People keep saying that they’re tired of hearing the same story over and over again. Well, start supporting new stories. Start supporting new artists,” she exclaimed.

Thomas’s The Hate U Give, which will continue to top the Times YA hardcover list thanks to the removal of Handbook for Mortals, was written by a black, first-time author and exploded onto the (disproportionately white) YA scene after months of grassroots buzz, positive feedback from early reviewers and growing anticipation among readers. The book, inspired by the Black Lives Matter movement, tells the story of a 16-year-old girl who witnesses her unarmed best friend being shot by police. Stars including Amandla Stenberg and Issa Rae have been attached to star in a film adaptation currently in development with Fox 2000, Temple Hill and State Street.

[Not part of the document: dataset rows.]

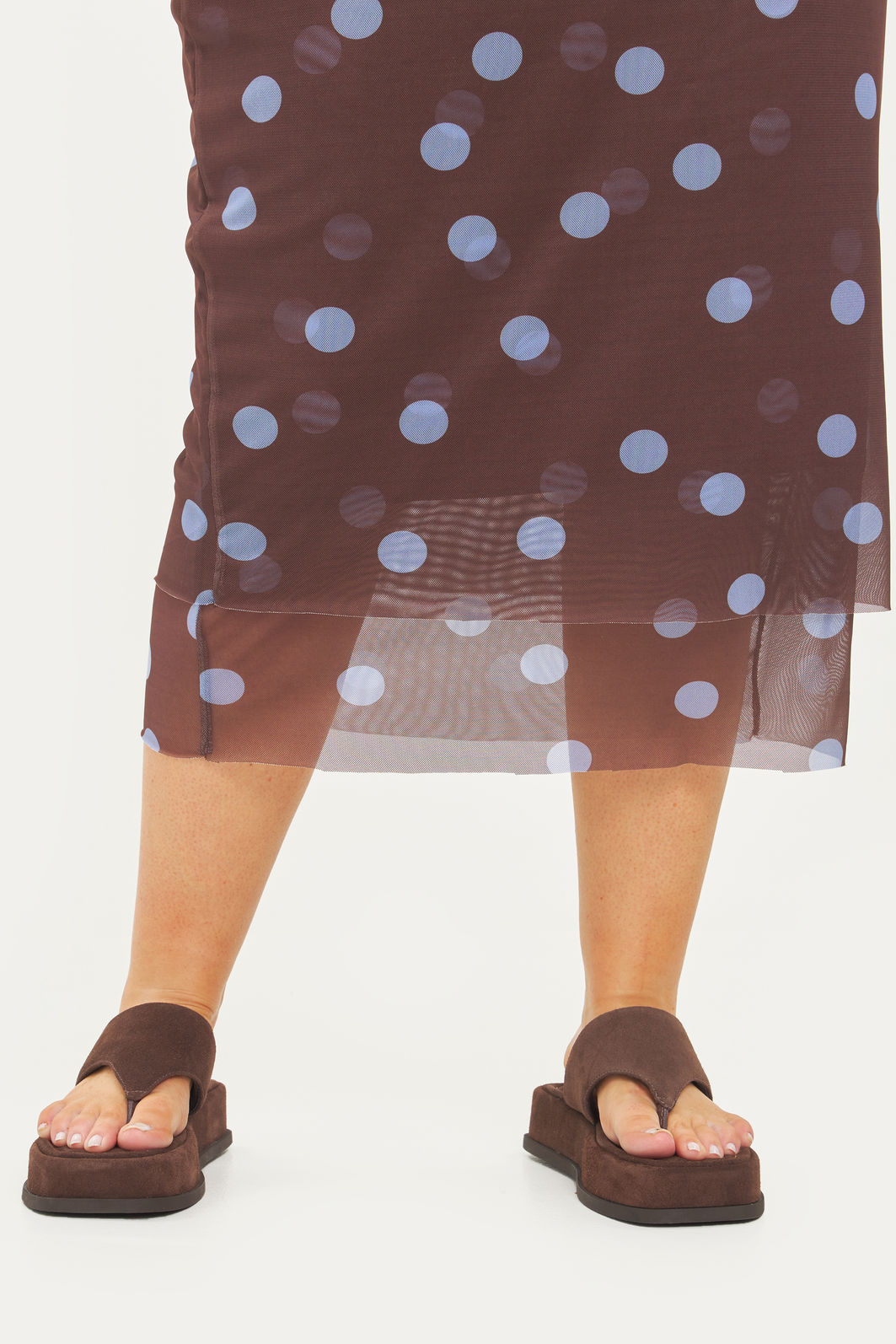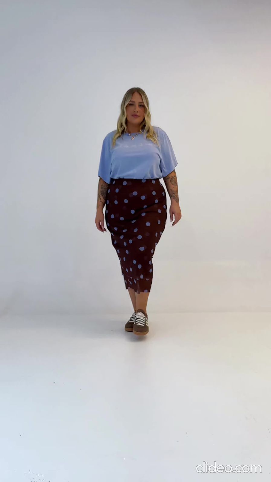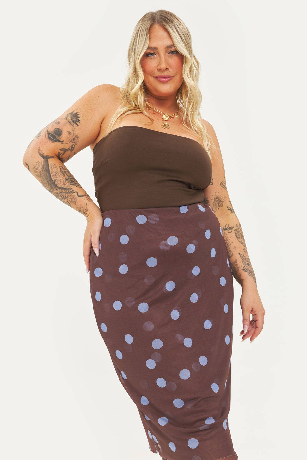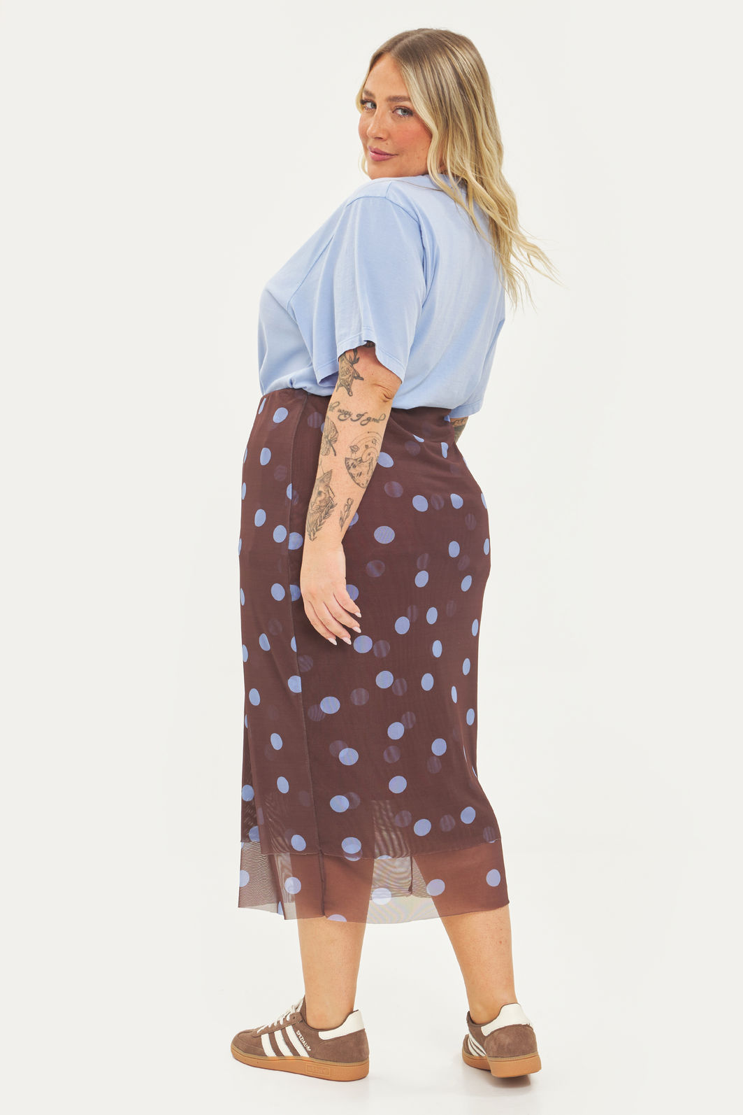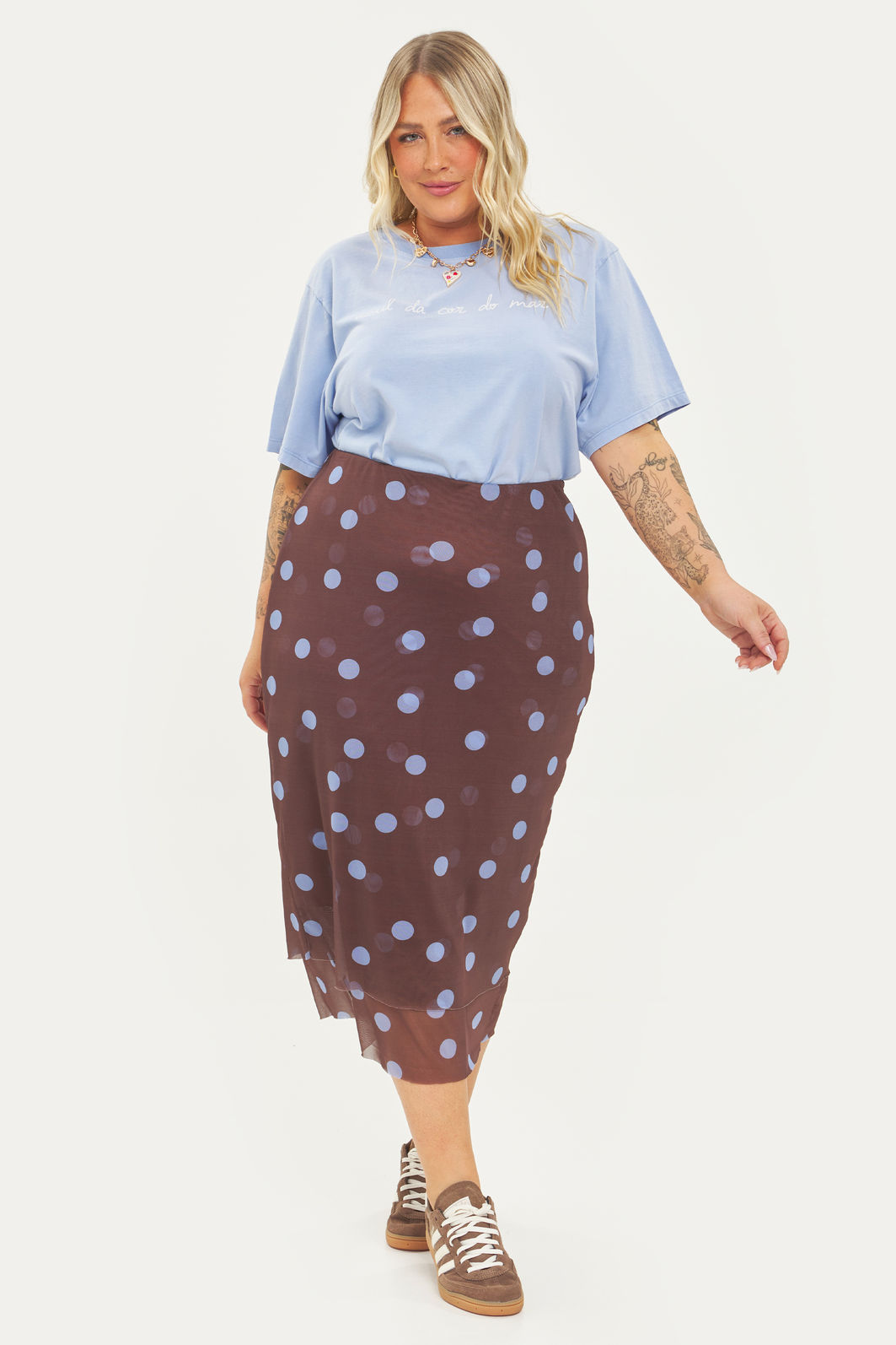 Saia feminina confeccionada em tule com forro. A peça possui cintura alta, 2 camadas de tule, shape justo, comprimento midi, caimento reto e cós total em elástico. Com estampa exclusiva em cor contrastante. Modelagem especializada para corpos plus & curve size.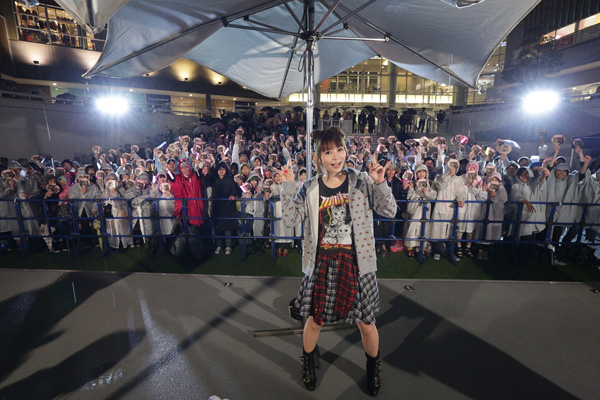「本当にこの土砂降りの中ありがとう!みんな風邪ひかないようにね。本当に一生忘れられない思い出になりました!思い返すと大事な日にはいつも雨が降っていました。これからは雨は幸運のしるしで、宇宙が垂らしてくれる貪欲汁です。愛の化石をつくろうと思って制作したアルバム『9lives』、悔いはありません!」──中川翔子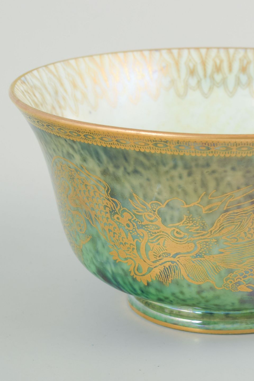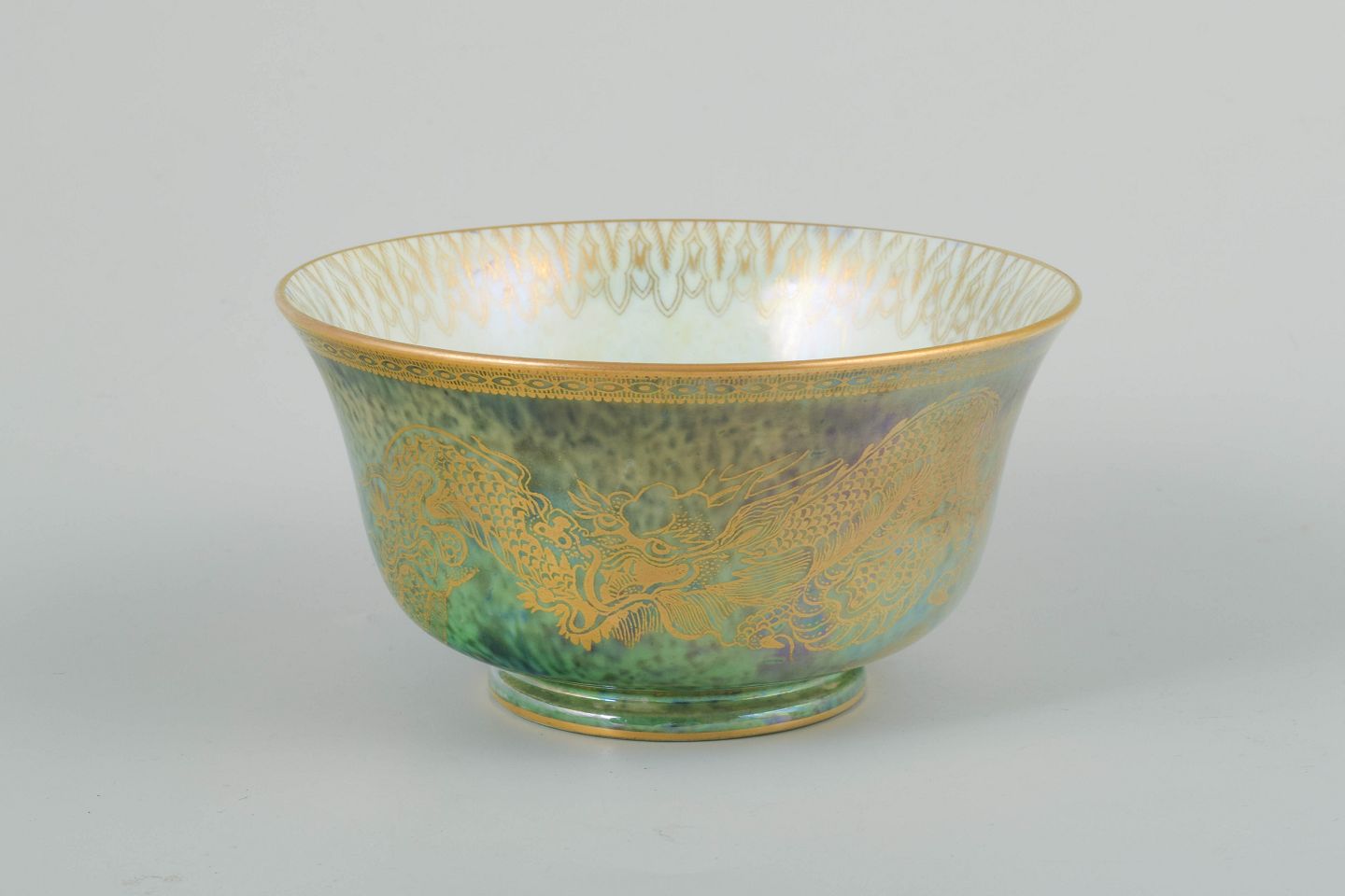 Daisy Makeig-Jones for Wedgwood, England.Skål i ”Lustre Ware” med grøn glasur, dekoreret med guldbemalet dragemotiv på ydersiden og fabeldyr i bunden. Indersiden med perlemorsskær og dekorativ bort langs kanten.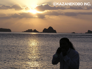 10月5〜7日の3日間、宗次郎は鹿児島放送の番組ロケで南薩摩地方を訪ねました。写真とともにレポート 《写真上から1番目》 まず訪れたのは坊津。古くは鑑真が上陸した場所として、また江戸時代には薩摩藩の密貿易港として栄えた町としてもとても有名です。いにしへの風を感じ、遠い歴史に思いを馳せながら、オカリナを奏でる宗次郎。 《写真上から2番目》 南薩摩地方には、国の重要無形民俗文化財に指定されている「南薩摩の十五夜行事」というものがあります。十五夜になると行われる特別な行事で、各集落ごとにそれぞれ独自の行事が伝わっているそうですが、その中で今回宗次郎が訪れたのは上ノ坊の十五夜のお祭り。綱を作り、相撲をとり、綱引きをするお祭りとの予備知識を頭に入れて、そのお祭りをはじめから拝見させて頂きましたが、とてもそれだけではない何か特別な行事、儀式といった感じでした。とても不思議なお祭りでした。写真は綱をつくっている様子。 《写真上から3番目》 南さつま市黒瀬、、ここは焼酎造りの現場監督ともいえる”杜氏”の里として特に有名で、黒瀬出身の杜氏を特に”黒瀬杜氏”と言うそうです。今回番組の中でお訪ねしたのは、薩摩酒造の明治蔵。そこには黒瀬杜氏の宿里道夫さんがいらっしゃいました。杜氏の技を宿里さんに直接お伺いし、宗次郎も焼酎造りを少しだけ体験させて頂きました。 《写真上から4番目》 坊津の海岸には、かつて貿易が盛んだった頃の時代を思い起こさせる様な陶器片があちらこちらに落ちています。中には中国の明、清代のころに作られたものも。また坊津の海岸は夕陽がきれいでしたよ!写真は夕陽を背にオカリナを奏でる宗次郎。 《写真上から5番目》 番組内で宗次郎とともにリポーターを務める川崎志保さん。川崎さんは、幕末薩摩藩が薩摩焼を使ったアクセサリーとして海外に輸出していた薩摩ボタンを現代に復刻させ、創作活動を続けている薩摩焼絵付け師。今回の取材で得たインスピレーションをもとに、坊津をテーマにしたボタンを創ります。 と、内容盛りだくさんの番組ですが、放送予定日は鹿児島放送にて12月23日(土)。その後テレビ朝日系列にて全国に展開予定です。詳細が分かり次第『スケジュール』にUP致します。乞うご期待!
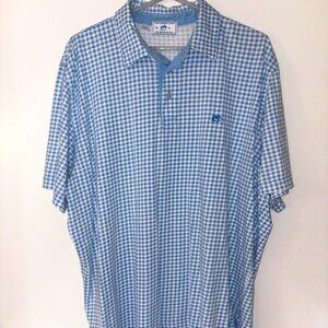 Southern Tide Skipjack Sky Blue White Houndstooth Gingham Polo Short Sleeve XL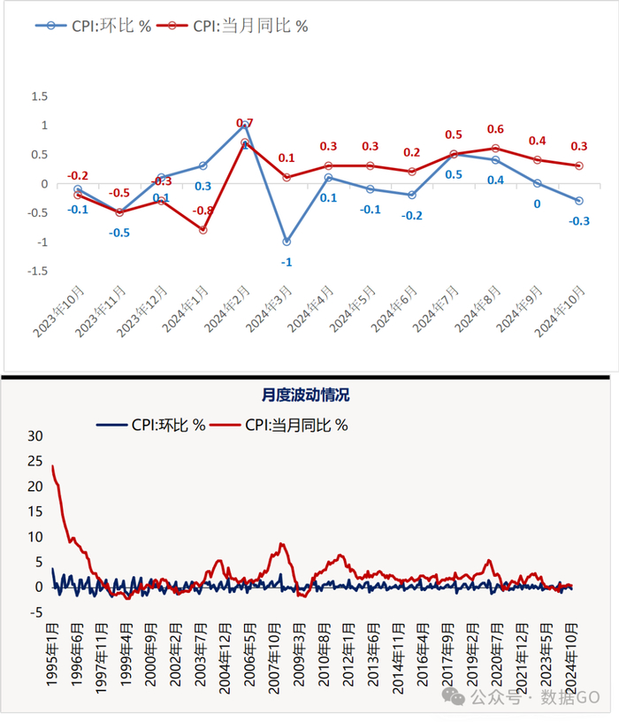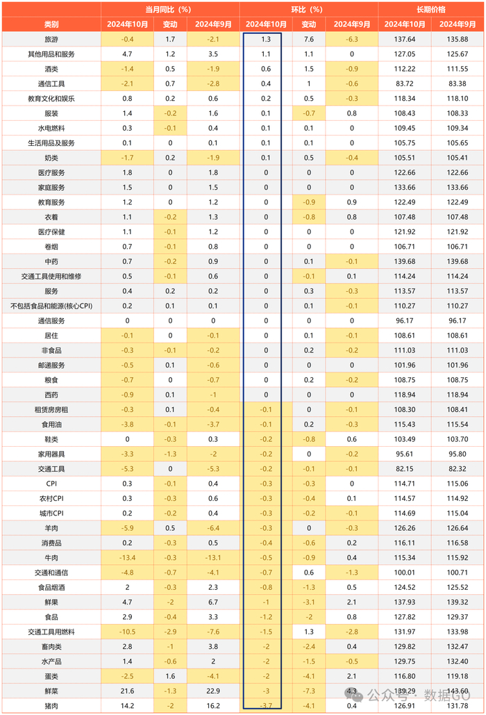 2024年10月份,全国居民消费价格(CPI)同比上升0.3%,同比涨幅连续9个月为正;环比下跌0.3%,时隔3个月,再次转负。

One might wonder why an author or publisher would spend the money to buy up books to achieve an artificial appearance on The New York Times best-seller list, but it’s actually not a new strategy. The tactic isn’t against the law, but the Times list is intended to track individual sales; when the book appears to have achieved best-seller sales through bulk purchases, the paper, which uses an algorithm to weigh various sales data to come up with the list, may choose to include the book with a dagger qualifying its status. (No such dagger appeared next to Handbook for Mortals initially.)

Here’s why this pump-priming method is so tempting: Best-seller lists, especially that of the Times, have immense promotional power ― readers tend to assume that if a lot of other people are reading something, it’s worth reading ― and a 2005 Stanford analysis found that debut authors benefited the most from appearing on it. Appearing on the list wouldn’t just boost the book’s sales, though; it would help Sarem, Nicholas and the rest of the team promote a film franchise based on the book.  

The film franchise is coming. Sarem is open about the fact that the book was initially written as a movie script, and she turned it into a book at the persuasion of others. But she denies that the film would be any motivation to artificially boost sales numbers. “What’s funny is people keep saying ‘Oh, they’re trying to get a film deal,’” she told HuffPost. “We have the film financed.” Still, she admitted unprompted that getting the book out there would help solidify the planned franchise, which she said might stretch to five or seven installments.

“Obviously, putting out the book, that’s a fun way to kind of connect people to stories ― obviously, ′Harry Potter,′ ′Twilight,′ all these things have had successful roads that way,” she said. “It helps build franchises when you have different mediums.”

Sarem seems to draw a great deal of inspiration from these famous, or infamous, franchises. She has a connection to Twilight” through actor Jackson Rathbone, who is also a member of the band 100 Monkeys, which she managed, and she spoke at length about the validity of the passionate fandoms enjoyed by vampire novels. “We’re not all the same. We watch different movies, we listen to different music and we read different kinds of books,” she said, implying that the YA writers who investigated her didn’t believe a book like hers could have a readership.